All that the disciplinary panel heard on this issue yesterday was that Ms. Doerksen failed to make sure the monitor was properly set and working.
Similarly, lurking in the background to the care Lisa got, or didn't, on the last night of her life was that she had been to the hospital before. She had broken her right leg in a playground accident earlier that year, but the searing pain she suffered afterwards was the subject of disagreement, with some doctors pronouncing it the result of nerve damage called reflex sympathetic dystrophy, and one Boston physician suggesting it was psychological in origin, and others perhaps suspicious.
It shouldn't have mattered a whit: The child was in pain, but it was hardly a life-threatening condition.
Yet this is something with which many Canadians who have logged time in hospital wards watching over vulnerable loved ones can identify, and will know instinctively may be true.
Patients do acquire reputations, good or bad, among staff and so do the kin who do battle on their behalf. Any advocate who has crossed this line, and becomes known as a pain in the butt, will be familiar with the difficulty that may follow, from getting the attention of a nurse to the speed with which granny's diaper is changed.

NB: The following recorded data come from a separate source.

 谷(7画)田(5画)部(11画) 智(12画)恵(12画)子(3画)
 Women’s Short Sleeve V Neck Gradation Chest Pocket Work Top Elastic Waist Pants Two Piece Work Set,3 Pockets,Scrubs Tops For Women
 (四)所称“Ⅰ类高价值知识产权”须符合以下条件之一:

The only reference in the agreed statement of facts given to the committee yesterday is that neither nurse had any prior contact with or information about Lisa Shore -- which is accurate enough perhaps, but doesn't preclude the reputation business.
Thus, Mrs. Shore yesterday described as "antiseptic" not only the agreed statement of facts, but the proceeding itself.

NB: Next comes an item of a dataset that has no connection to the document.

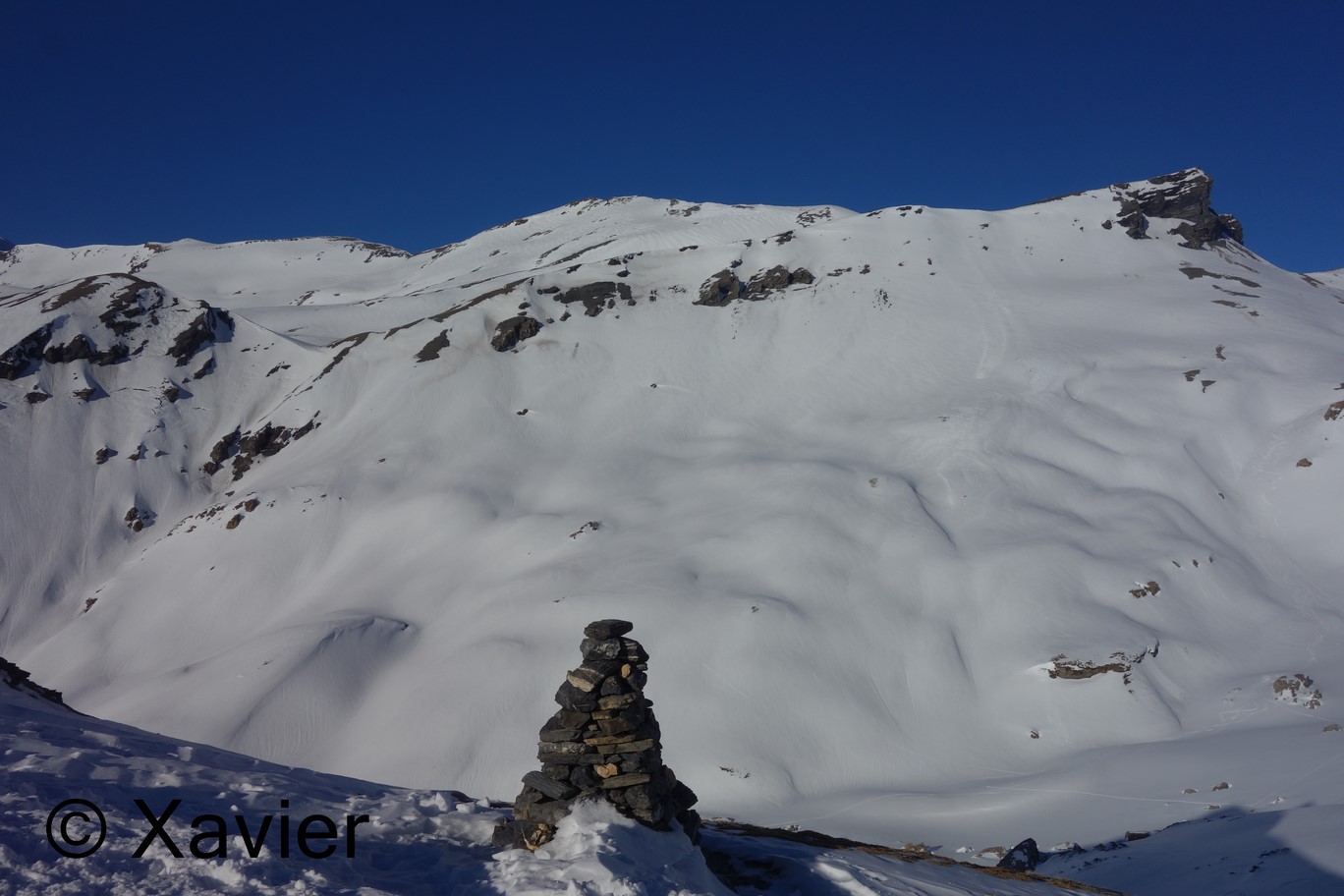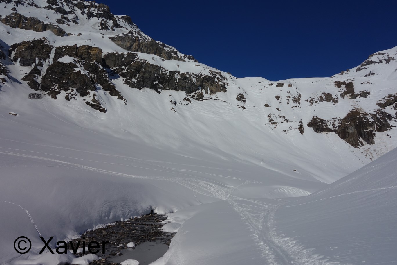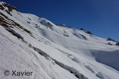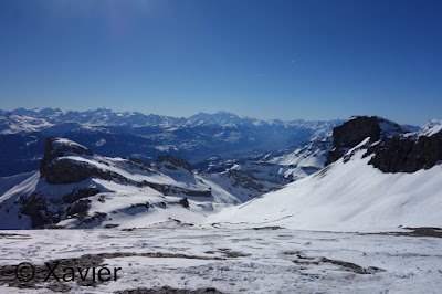 Cheguei a Aminona, perto de Crans-Montana, às 9 da manhã, começo por ir em direcção a La Tièche, passo o Rio continuo rumo ao vale Les Outannes onde já havia várias avalanches, continuo pelo comprido vale, passo ao lado do Col de la Roue e continuo para o Schwarzhorn, onde cheguei com 4h15m desde que deixei o carro, é um percurso extremamente longo, estava um calor anormal para um mês de fevereiro, situação que se arrastava à mais de uma semana.

She had hoped to address the committee, but could do so only in the form of a "victim-impact statement" in which she would be forbidden to criticize the nurses. As Ms. Rothstein said, "She did not feel she could honestly, fully and fairly express her views within those parameters."
In the result, Mrs. Shore, who is now articling with a Toronto law firm, a career switch inspired by what she saw of the system after Lisa's death, sat quietly in the hearing room yesterday with her husband, Bill, her mom and her sister.

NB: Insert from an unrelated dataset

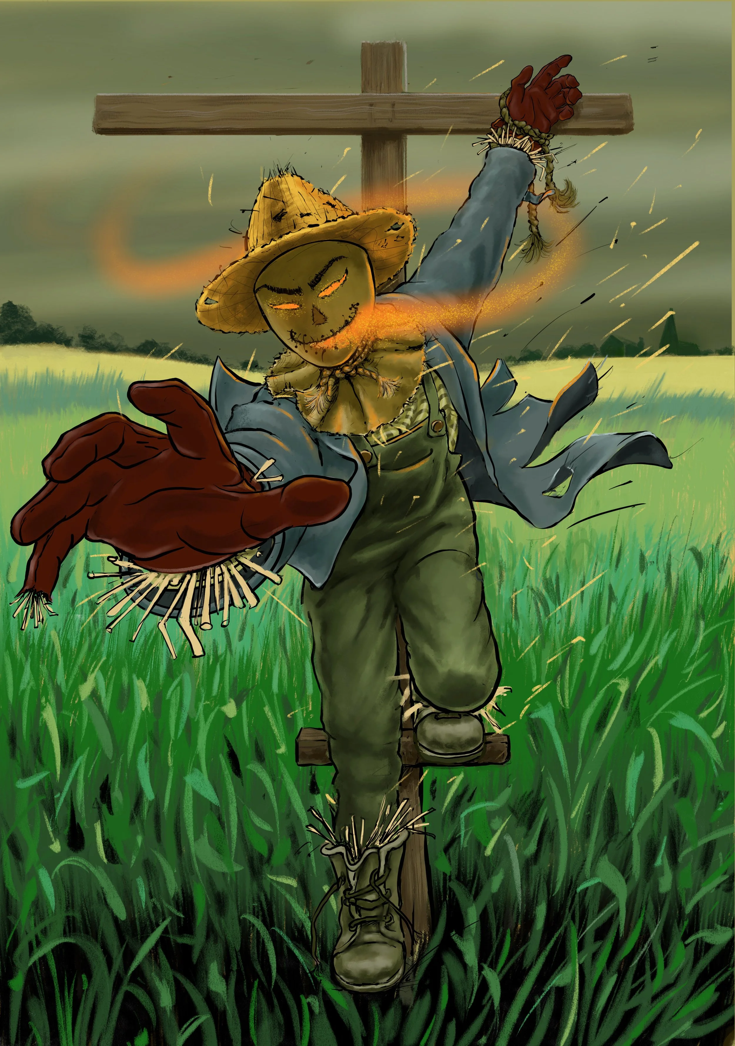 Charley retrieved all the money from around the farm and stuffed it into a small bag along with some ropes, food and a few ales. Then, as the church bells rang to indicate the end of the service, he casually strode down to the far paddock. On the edge of the field amongst the trees, Charley took off his clothes, added them to the bag, retrieved the ropes and stashed the bag in a thicket. He then walked back to the centre of the paddock, where there was positioned a huge scarecrow, dressed in Charley’s old cast off clothes, clothes which Charley now carefully began dressing himself in. He emptied the head of straw and put the hessian sack over his own, tying it around his neck. He knotted another length of rope around his left wrist, attaching it to the cross bar. By looping a slip knot over his right wrist and pulling one end with his teeth he was able to secure his right arm to the other side of the cross. Charley knew his knots alright.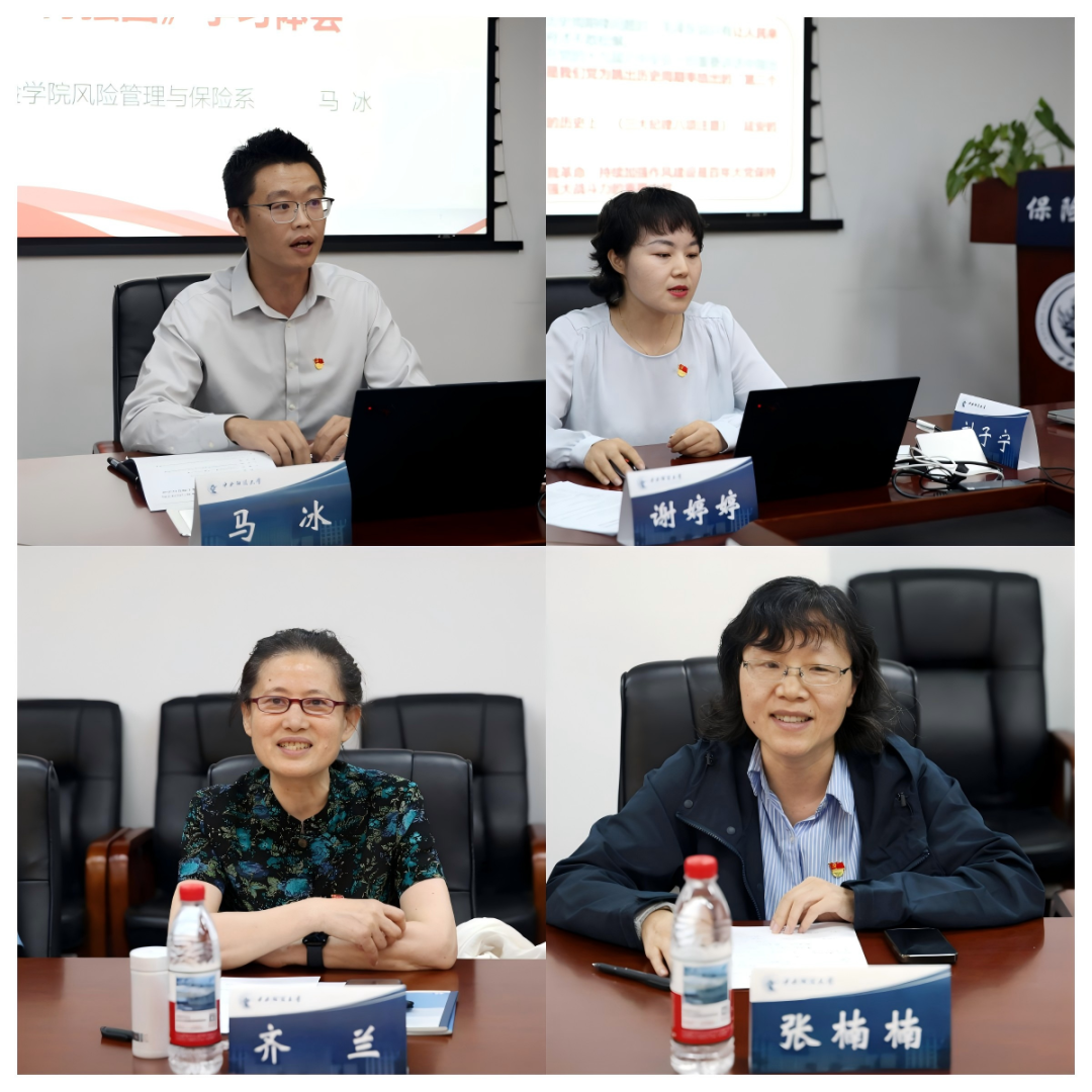 在交流环节,经济学院齐兰教授表示作为高校党员教师同时肩负政治使命和职业责任,要常怀敬畏之心,坚决落实立德树人使命。保险学院张楠楠副教授讲到支部党建业务双融合的工作体系以及下一步工作方向。

They got to hear all about the nurses' trauma these past years, and listen to Ms. McIntyre as she told the panel that the fact Lisa died "is not a circumstance that is relevant to you in the consideration of penalty today," and to Ms. Edwardh when she said, "No one knows better than Ms. Doerksen and Ms. Soriano what the cost of this incident has been."
Mrs. Shore, enormous eyes shiny with tears, could have argued that one into the ground before she ever studied a word of the law.